Veolia has commissioned a ‘deep study’ of the UK’s capacity because existing data gives widely conflicting estimates, according to executive vice-president UK and Northern Europe Estelle Brachlianoff.
Academics at Imperial College London are expected to produce a report on the matter by the end of 2013, Brachlianoff told MRW.
The study was prompted by the ongoing debate on whether the UK will have enough infrastructure to process waste arisings in the future.
A recent report produced by consultancy Ricardo-AEA for the Chartered Institution of Wastes Management suggested that the UK would be facing a potential capacity gap of 15.3 million tonnes by 2020.

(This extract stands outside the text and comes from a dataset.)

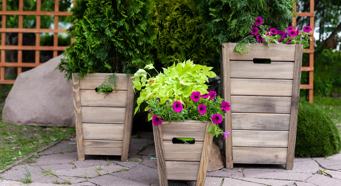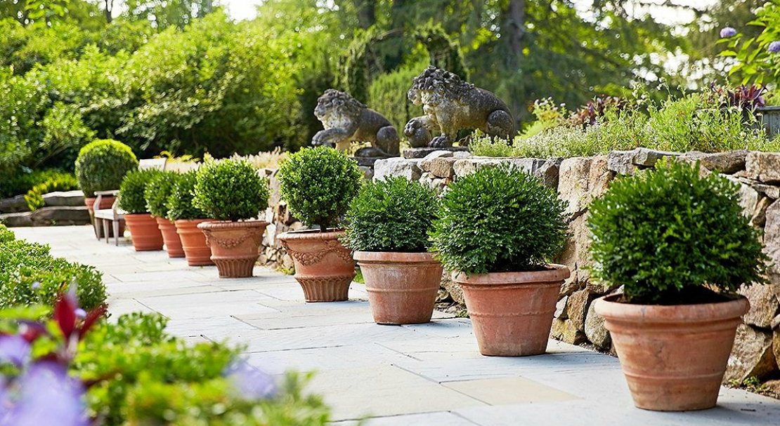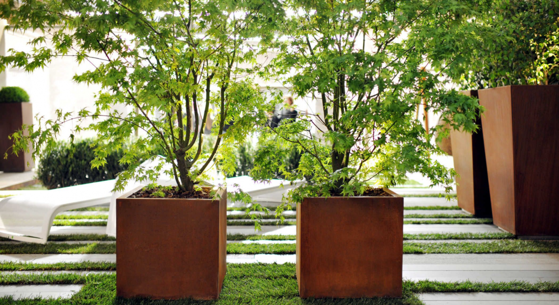 Стійки з такими контейнерами гарно виглядають вздовж садових доріжок, при під'їзді до будинку. Такий ефект можна досягти також за допомогою карликових дерев, крону яких формують у визначену форму.

Earlier this year, Eunomia, another leading consultancy in the waste sector, concluded that in 2020 there would be potentially some 12 million tonnes capacity in excess as a result of new facilities coming online.
Brachlianoff said she was “fed up” with the debate so she had commissioned an academic research for a “deeper study on data”.
“We don’t think there is going to be overcapacity in the next years, otherwise we wouldn’t be building any capacity ourselves,” she said.
“We are fully at risk; it is our money, we are putting it where we think there is still some need.”
Brachlianoff noted that Veolia had invested £1.2bn in the UK’s waste management infrastructure since 1990, and would invest a further £1bn in recycling and recovery over the next six years.
However, she pointed out Veolia would not be investing in new merchant anaerobic digestion (AD) infrastructures as it believed there were already “too many [AD] projects on the table”.